Use the Good Dishes is about living in appreciation every single day. It’s about filling your one wild and precious life with experiences that bring you joy and make you feel alive. It’s about being fully present, deserving, and joyful today, right now, wherever you are, whatever that means to you.
When all is said and done for me and I go to the giant Bloomingdales in the sky (or if I don’t start behaving better, the Nordstrom)(okay, fine, Macy’s - I REALLY like curse words), I hope I can say that I have taken big risks; that I have loved big, laughed loudly, and most of all, that I said yes to what I knew my soul needed, even when that seemed scary or downright impossible.
You just have this one life; just the one. And it’s happening now.

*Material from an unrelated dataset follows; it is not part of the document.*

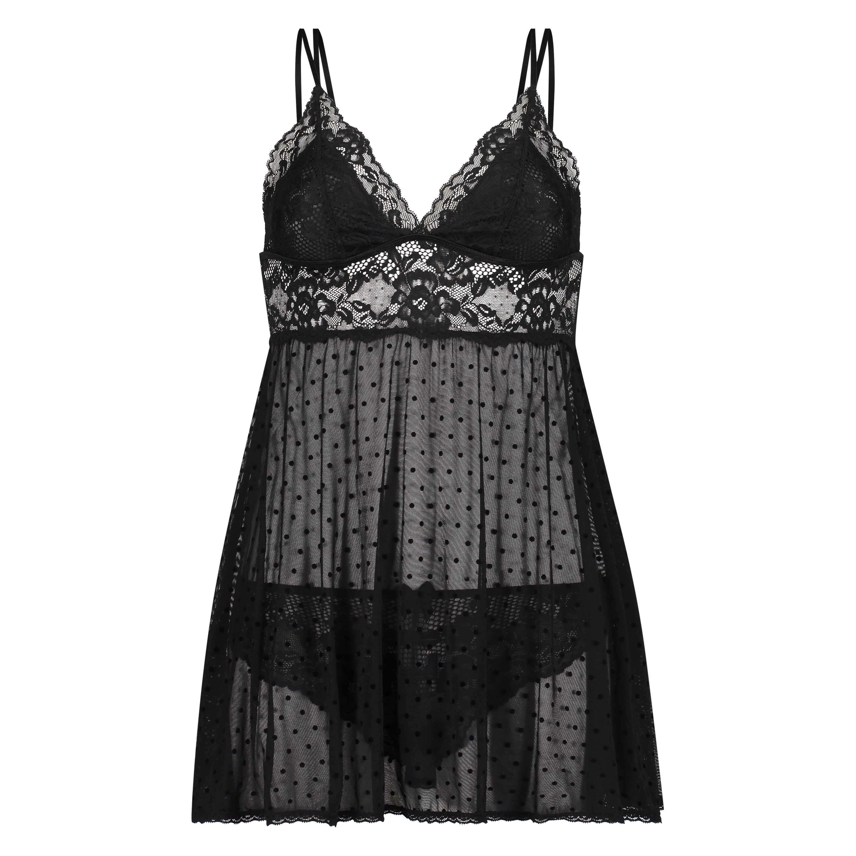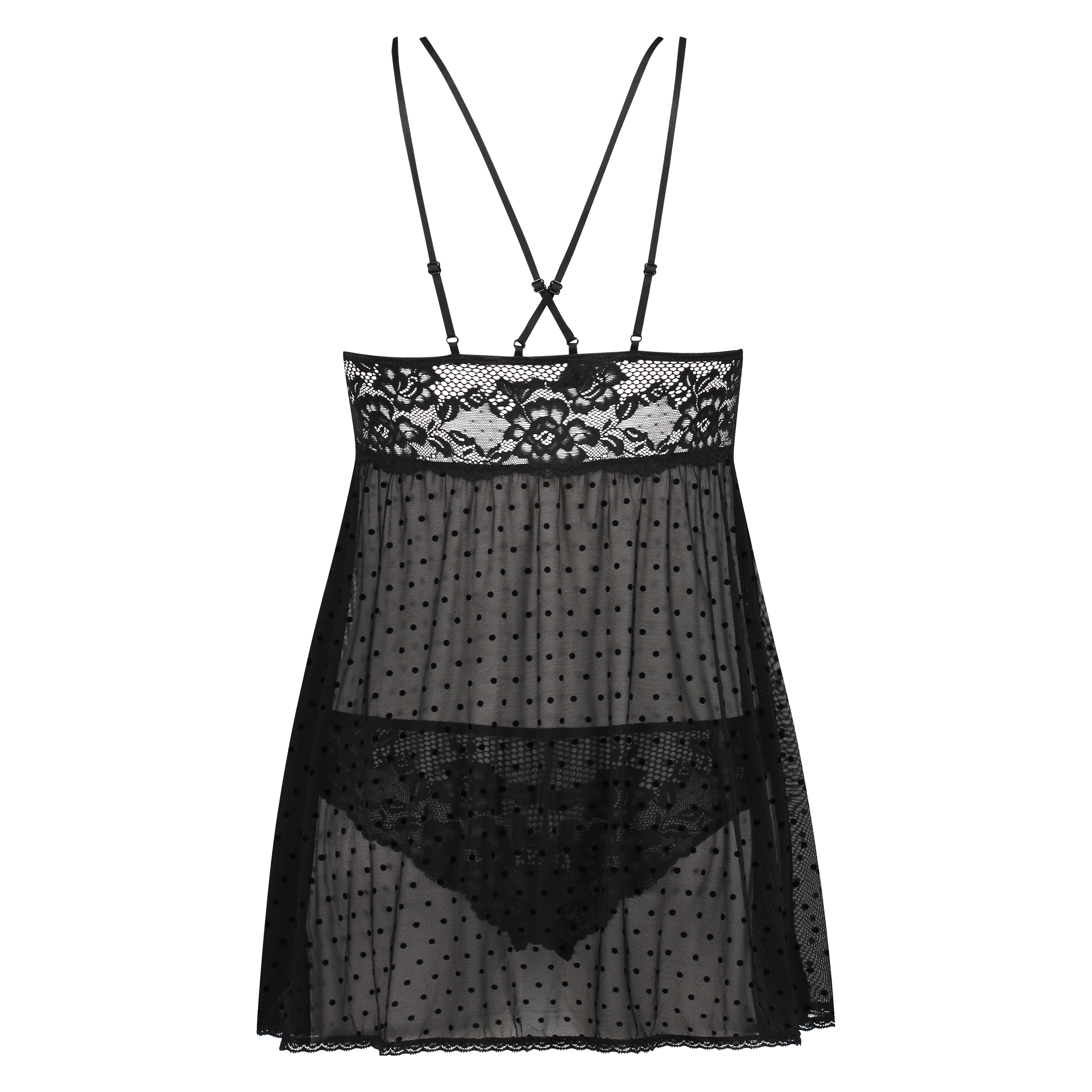 Feel sexy in this non-wired babydoll! The babydoll has lace and mesh detailing, adjustable straps and is finished in a polka dot pattern. The matching knickers are made of a mix of lace and mesh.

We All Die. How Many of Us Truly Live?
I turned 40 this summer, a super scary number for me, both because of what it represents for women culturally (we’ll unite against the patriarchy in another post) and because it forced me to evaluate how fully, how joyously I’m living.
There were some gaps.
Here’s what I’m not going to do: I’m not going to climb Everest, or get a PhD, or run a marathon (sweet merciful Jesus, I don’t even want to type the word marathon, let alone run one). I’m just going to give myself permission to say yes to joy. I am going to be a relentless explorer of who I am and what I love and I’m going to say no to everything that isn’t that.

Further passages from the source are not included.